We love to prove our worthiness by demonstrating our competence and ability. It is SUCH a temptation for us to do things that draw the attention of others to our abilities and our skill. The affirmation of others assures us of our worth and temporarily calms our fears that we do not measure up to others. Even these disciples, having returned from their mission, rejoice in what they have accomplished. “You should have seen us!” they boast, “even the demons fled at our command.”
“Don’t focus on those kinds of results,” Jesus warns them. “In the end they’re not nearly as important as the fact that God loves you and accepts you and has written your names in the Book of Life. If you want to rejoice, rejoice in the fact that you belong to God.”
We have a line in the final chapter of our Rule of Life that reads, “Our hope lies not in what we have done for God, but in what God has done for us” (SSJE Rule, ch 49). And so it is. Power belongs to God.
The 19th century Quaker author, Hannah Whitall Smith, writes of a visit she made to a school for developmentally disabled children.
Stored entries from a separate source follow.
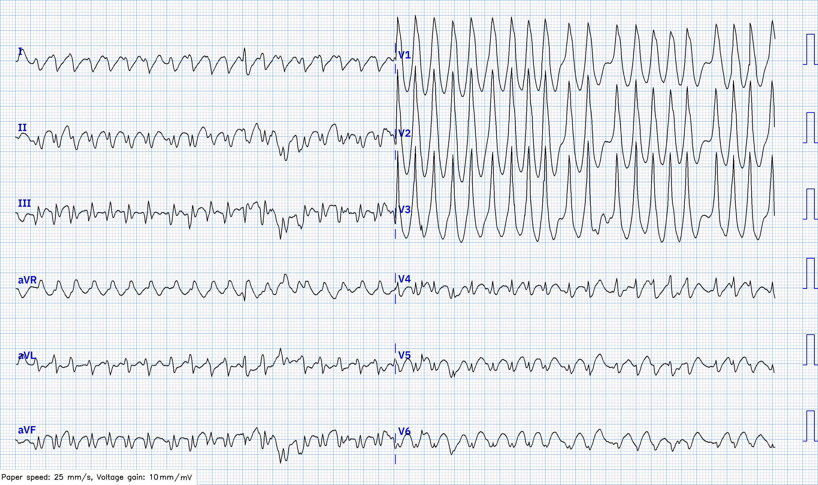 Commentaire : L'intervalle entre 2 complexes QRS est parfois proche d'un grand carreau soit 200 ms et une FC à 300/min. Une telle FC n'est pas possible via une conduction dans le noeud atrioventriculaire dont le but est de limiter la fréquence. La fibrillation atriale est ici conduite via une voie accessoire.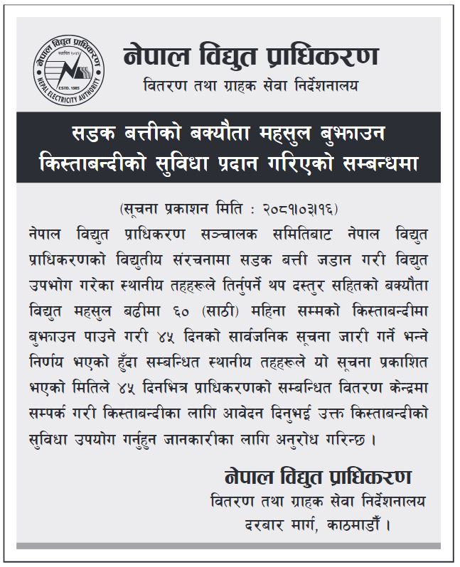 नेपाल विद्युत प्राधिकरणले सडक बत्तीको बक्यौता महसुल बुझाउन किस्ताबन्दीको सुविधा ल्याएको छ । सडक बत्ती बालेबापत लामो समयसम्म शुल्क नबुझाएपछि प्राधिकरणले यस्तो सुविधा ल्याएको हो ।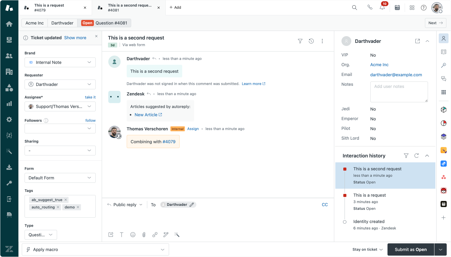 Earlier this month at the Zendesk Partner Days a conversation came up about the best way to merge tickets made by the same end-user. It's a scenario that happens a lot. A customer has an urgent question and they shoot an email, web form and social message to every support channel they can find.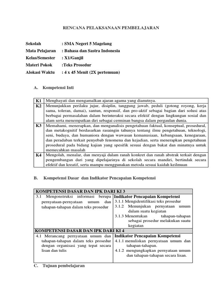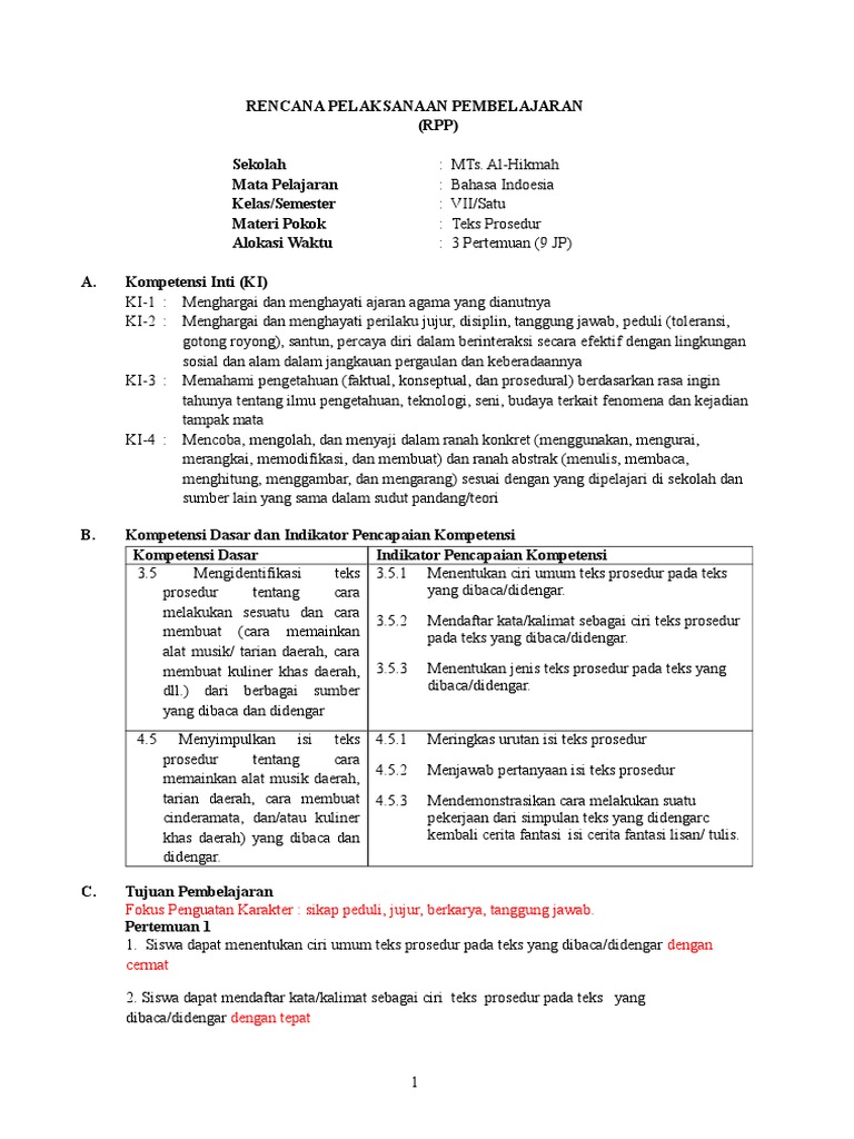 DOC) RPP BAHASA INDONESIA KELAS VII BAB 3 TEKS PROSEDUR.docx | Asisten Nur - Academia.edu
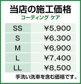 ■青空駐車と屋内保管されている車とではコーティングの効いている期間も違います。キレイ好きな方と汚れても気にならない方の感覚でも コーティングが効いているかどうかの判断基準が違ってきます。膜厚を測る機器や光沢計などもありますが、そのような機器にたよらなくて も車のオーナー様が「キレイにしたい。」「コーティングが効いている気がしない」と感じられるのであれば再コーティングされる事をお勧 めします。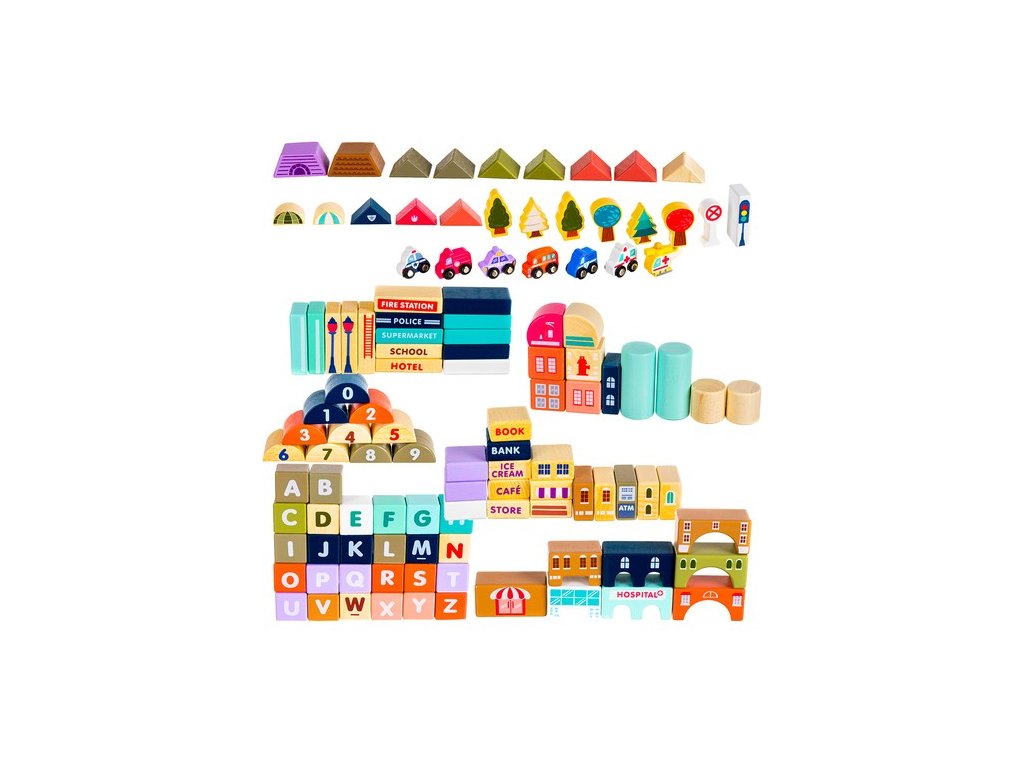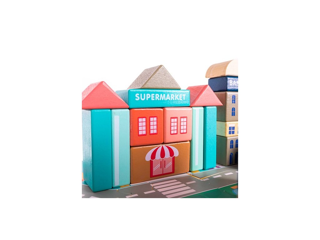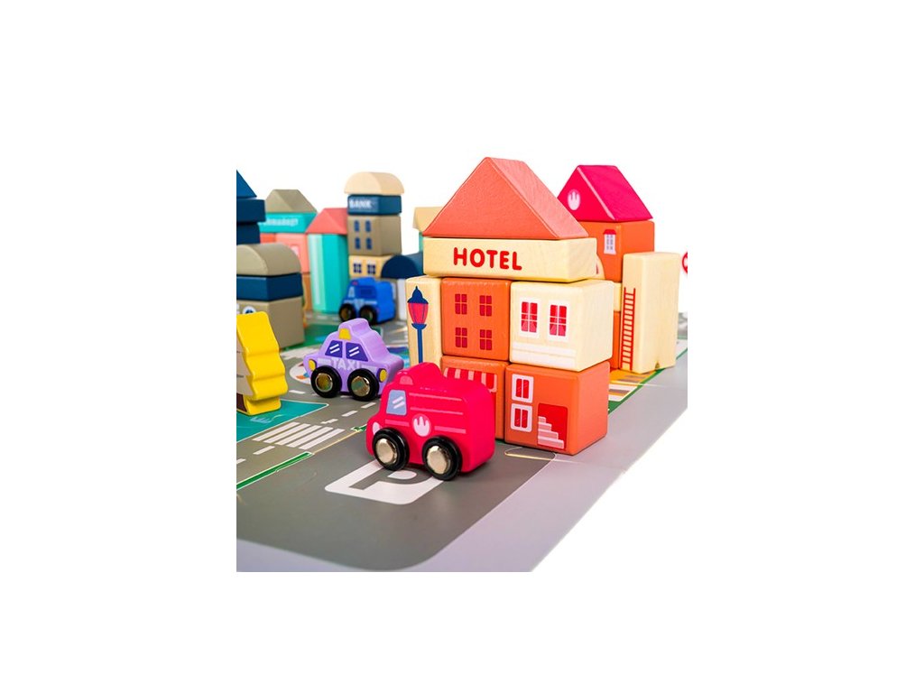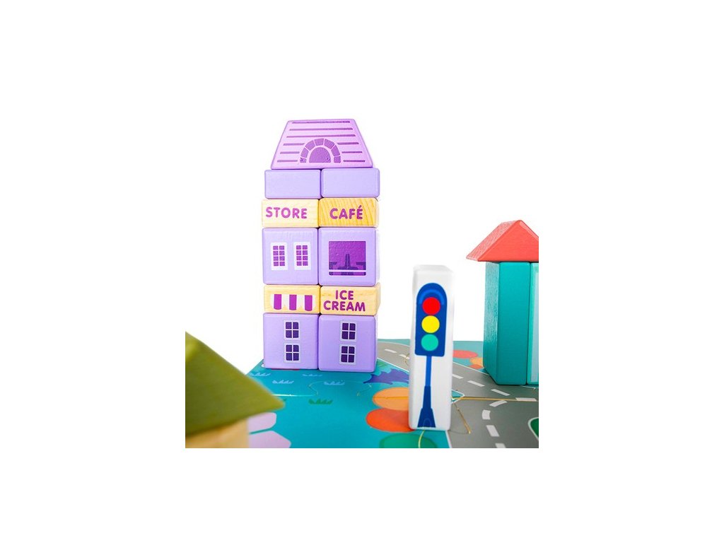 - KREATIVNÍ A ŠŤASTNÁ ZÁBAVA – díky rozmanitosti kostek mohou děti stavět různé městské stavby, vytváření vlastních plánů města . Mohou plánovat a navrhovat ulice, stavět budovy a zařizovat prostor podle vlastních představ.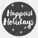 Happiest Holidays Black Script Round Sticker est conçu pour accompagner notre collection "plus heureux vacances". Consultez notre magasin pour trouver les articles correspondants. Ce design est simple et moderne, en utilisant une police de calligraphie à la main pour les "vacances les plus heureuses".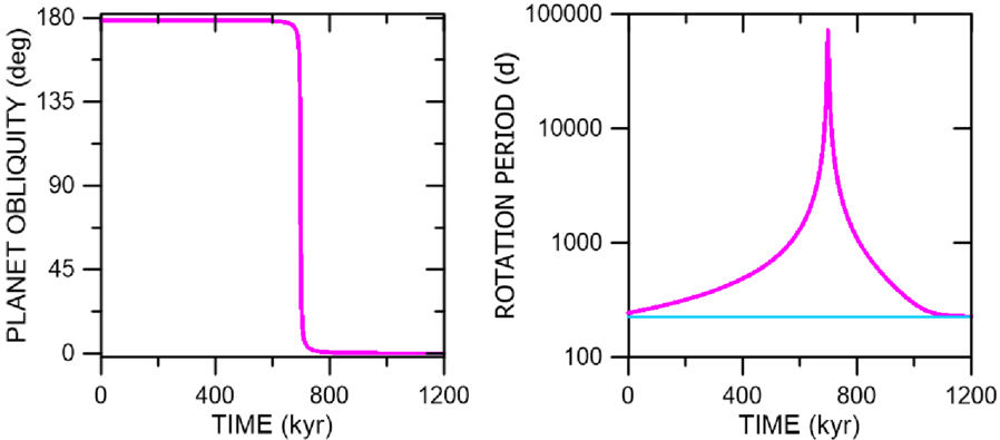 Rotation reversal. Left: tidal reversal of the planet obliquity. Right: evolution of the rotation period (red) and the orbital period (blue).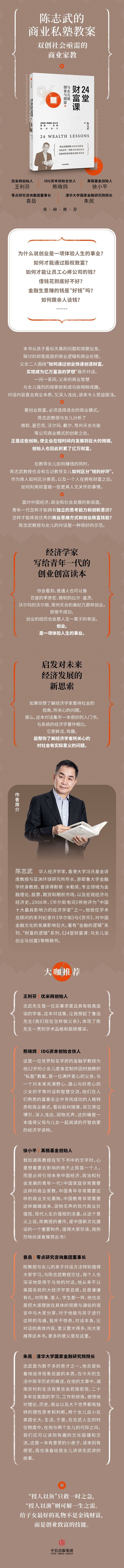 陈志武的商业私塾教案,创新型社会亟需的商业家教——“授人以鱼”只救一时之急,“授人以渔”则可解一生之需。对待子女也一样,给子女蕞好的礼物不是金钱财富,而是创业致富的技能。《24堂财富课》为中国的商业家教做出很好示范。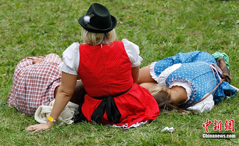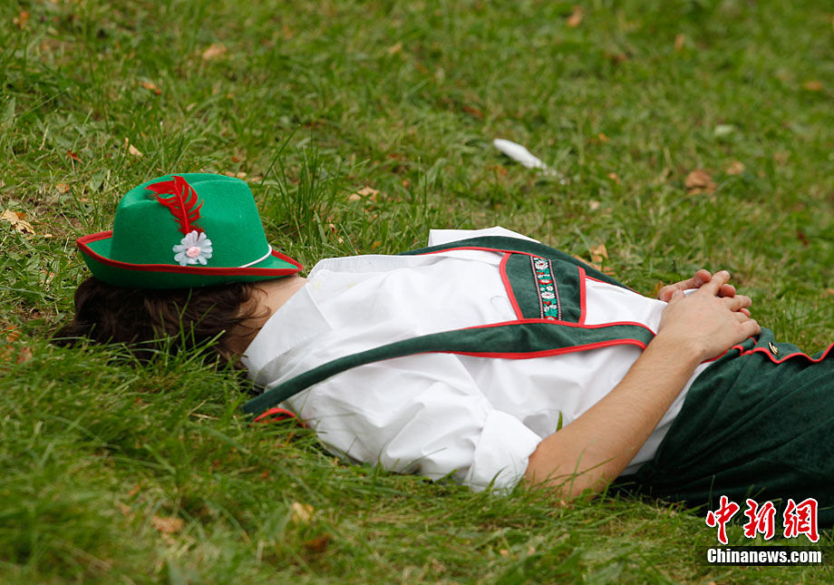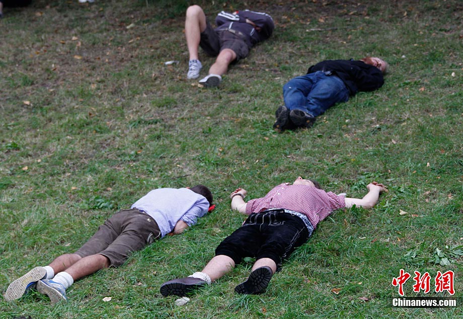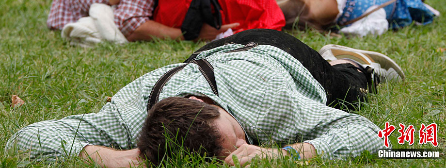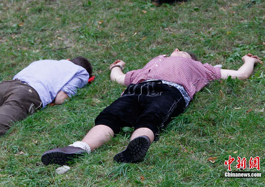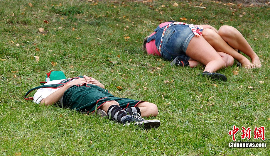 當(dāng)?shù)貢r(shí)間9月18日,慕尼黑啤酒節(jié)上游客喝醉后躺在草坪上酣睡。第177屆德國慕尼黑啤酒節(jié)當(dāng)日正式開幕,迎來了200周歲生日。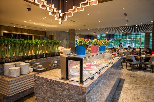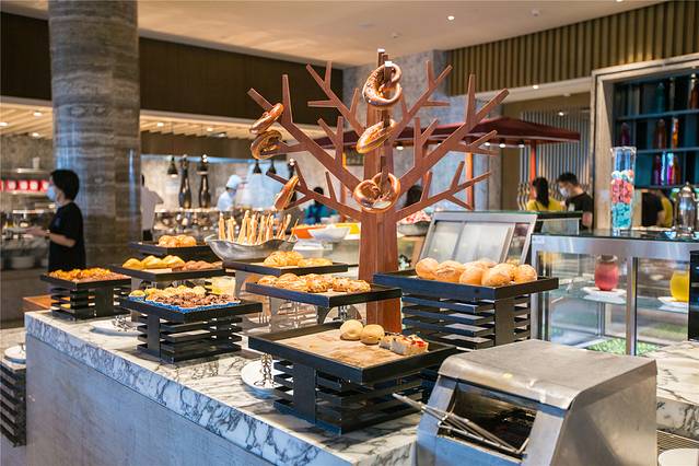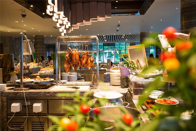 自助餐厅内设有多个开放式餐台,由厨师现场烹制各地美食,不仅是味觉满足,同样也是视觉盛宴。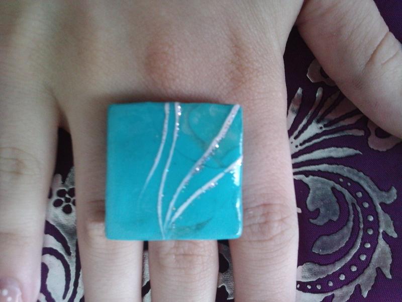 Voila ! J'ai fait mes toutes premières bagues en Fimo. Je vais essayer en gel quand j'aurais reçu ma commande. Je suis assez contente de moi, même si je vois maintenant sur la photo que la bague carrée n'est pas tout a fait doite.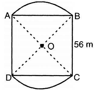 and AO = BO = CO = DO = {tex}\frac{56 \sqrt{2}}{2}=28 \sqrt{2} \;m{/tex}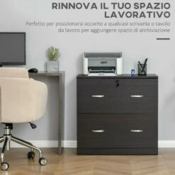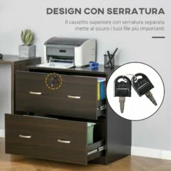 Cassettiera Portadocumenti 74x42x72 Cm 2 Cassetti Con Chiavi In Truciolare Noce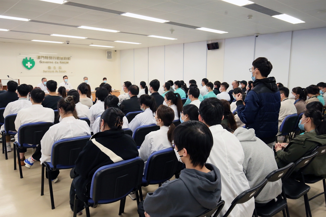 卫生局今(3)日举办了两场医疗专业实习人员交流会,听取实习人员的意见及分享学习心得。卫生局局长罗奕龙、副局长兼仁伯爵综合医院院长郭昌宇、医务主任李伟成和护士总监陈颖茜出席了是次交流会。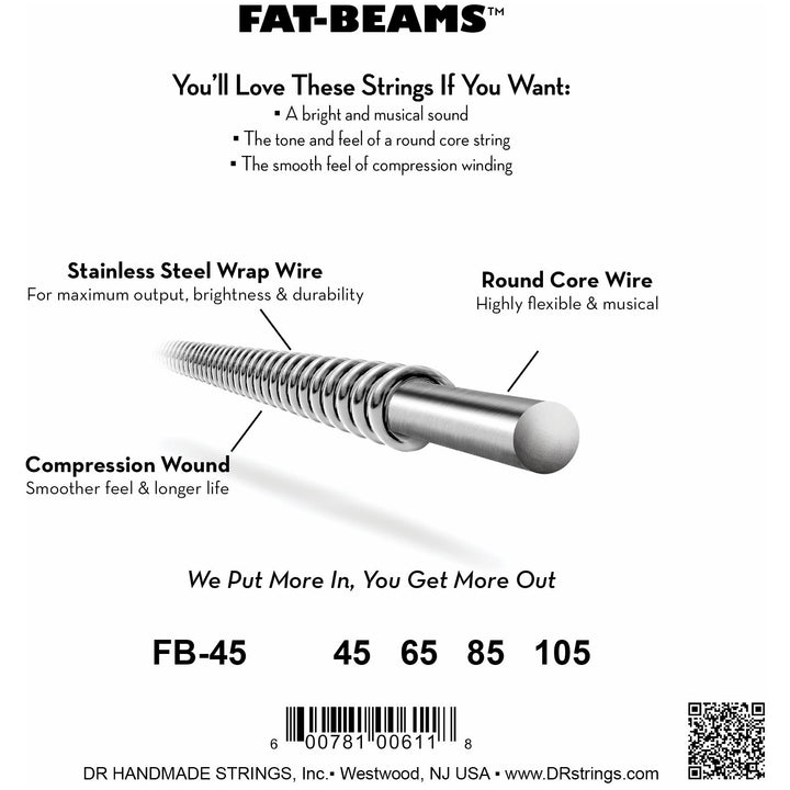 DR Strings FB-45 Fat-Beams Medium Electric Bass Strings, 45-105

There she saw a group of children being led through a series of exercises using weights. She noticed how difficult it was for most of the children to manage their movements, and saw that for the most part, they were out of step with the music and the teacher’s directions. “All was out of harmony,” she reported. “One little girl, however.…made perfect movements. Not a jar or a break disturbed the harmony of her exercises. And the reason was not that she had more strength than the others, but that she had no strength at all. She could not so much as close her hands on the dumbbells, nor lift her arms, and the master had to stand behind her, and do it all. She yielded up her members as instruments to him, and his ‘strength was made perfect’ in her weakness. He knew how to go through those exercises, for he himself had planned them; and therefore when he did it, it was done right. She did nothing but yield herself up utterly into his hands, and he did it all. The yielding was her part; the responsibility was all his. It was not her skill that was needed to make harmonious movements, but only his. The question was not of her capacity, but of his. Her utter weakness was her greatest strength.”
“To me,” she concludes, “this is a very striking picture of our Christian life, and it is no wonder therefore that Paul could say, ‘Most gladly therefore will I rather glory in my infirmities, that the power of Christ may rest upon me’” (The Christian’s Secret of a Happy Life, p.191).
Our weakness does not have to be a barrier or an obstacle to God; instead, it can be the very thing that allows God to work most effectively through us. The key is that we must recognize and accept our inadequacy to do the work of God in our own strength and by our own cleverness and power, and yield ourselves wholly to God, looking for God’s greater strength to do in us what we cannot do ourselves.
Know this: that God has also entrusted this mission and message to you. You are asked to join this great cause, to proclaim this message of forgiveness and love, to be an agent of God’s healing power in the lives of others, to help bring in the reign of God, which is a reign of justice and compassion. Never mind your weakness; it is the very thing that qualifies you. Never mind your feelings of inadequacy; it is God’s work, not yours. Simply make yourself available, and let go of any need to impress others, or prove yourself worthy, or achieve “success.” None of that matters. What matters is that God has chosen you, and that God claims you as God’s own. Your name is written in God’s Book of Life. Rejoice in that and do whatever he asks you to do. This is the way to freedom and life.